Niobium, is another potent grain refiner, though it is used in steel. Again paradoxically the alloys are called Niobium (see a pattern here). The Columbus Spirit, Columbus Life and SL tubesets all share the same alloy.
Result – much thinner walled tubing (down to 0.38mm !!!! as compared to typical 0.6-0.7 mm) and hence reduced weight (see another pattern here=) ).
Almost all metals can be annealed so that they are easily worked and ‘reset’ by annealing. Annealing is a heat-treatment. HOWEVER, only aluminum, titanium, copper, magnesium and steel can be made STRONGER by heat treatment and this is what is usually meant by the term. Steel is particularly a nice example to illustrate the principle of how it all works.
Steel is the alloy that you are most likely familiar with – it is formed by iron and carbon. Up to 5% of carbon it is called steel, while anything above that is cast iron. Cast iron is used for engine blocks and other strong and massively heavy stuff, etc. and cannot undergo some of the desirable changes that steel can as such I will not focus on it. Cast iron cannot be hardened
Heat Treatable Steel
What you see below is the phase diagram of steel. Don’t be put off. Steel is for the most parts iron and carbon, therefore as mentioned above the amount of heat/energy that goes into it causes the atoms in the crystal to undergo changes. At room temperature the carbon and iron of steel are heterogeneous – carbon exists in the form cementite and the iron in ferrite.

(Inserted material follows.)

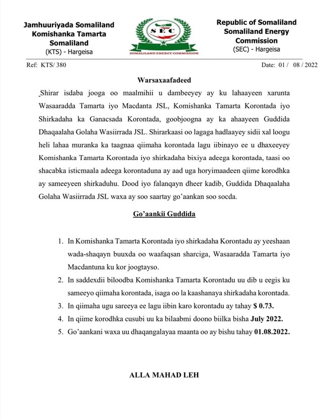 Talaado, Ogosto, 2, 2022 (HOL) - Xukuumada Somaliland iyo shirkadaha laydhka, ayaa ku heshiiyay in qiimaha korontada halkii unit lagu iibiyo $0.73, isla markaana aan la jarin korontada habeenkii.
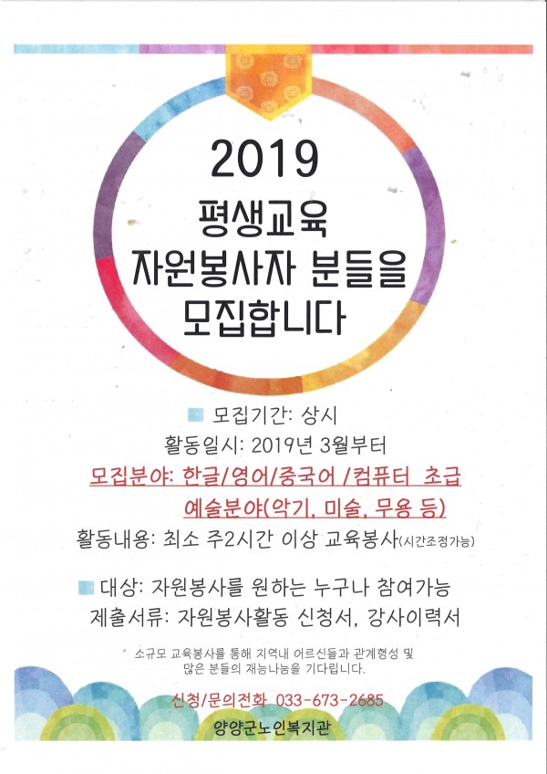 2019 평생교육프로그램 자원봉사자를 모집합니다. 페이지 정보 작성자 댓글 0건 조회 8,252회 작성일 18-11-23 09:11 본문 . 목록 이전글제7회 종합예술제 "은빛청춘! 꿈의 날개를 펴다" 18.12.04 다음글2018년 노인돌봄기본서비스사업 현황조사인력 채용 공고 18.11.02 댓글목록 댓글목록 등록된 댓글이 없습니다.

When heated to its annealing temperature the iron and carbon diffuse and form a solution called austentite (the diamond shaped part in the left of the graph), everything is fine and in equilibrium. If you let it cool slowly the carbon would precipitate out of the solution until we are left with the iron+ ferrite (aka pearlite) as before – two distinct structures. Annealed steel is soft and easy to work with. However if you drop the hot steel in water….
Quenching and Tempering
When quickly cooled (quenched) the carbon doesn’t have time to precipitate out and is stuck inside the iron crystals. This is called martensite – mega extremely hard, however brittle due to the internal stresses (the carbon was literally scrambling to get out, however, you shut the door).
The steel is hardened, however, brittle is rarely a desirable quality, so as you remember heating it again, kind of secondary annealing, and cooling it in a controlled manner increases the toughness – that second process is called tempering.
Temperature and Time
How fast and for how long you quench steel has profound effects on what happens with the crystal structure (it is not always just dunking a hot part in water….). Below is the time-temperature transformation curve (TTT) of steel. The important point is that there is a Martensite start (Ms) temperature at which martensite begins to form. If the steel is cooled very fast you get 100% martensite (green and yellow lines). If it is cooled slower you get a transformation to various crystal structures such as coarse/fine pearlite, upper/lower bainite, etc. For example, Reynolds 853 and 631 are both air-hardening alloys (pink line) that make the welding zone stronger. Remember that it is the disorder (ratio of the different crystal structures) and chaos you introduce to the ‘regular’ crystal lattice that gives you (un)desirable properties. By adding alloying elements you shift the transformation curves (black lines) as well as adding some features such as corrosion resistance.
It is the disorder (ratio of the different crystal structures) and chaos you introduce to the ‘regular’ crystal lattice that gives you desirable properties.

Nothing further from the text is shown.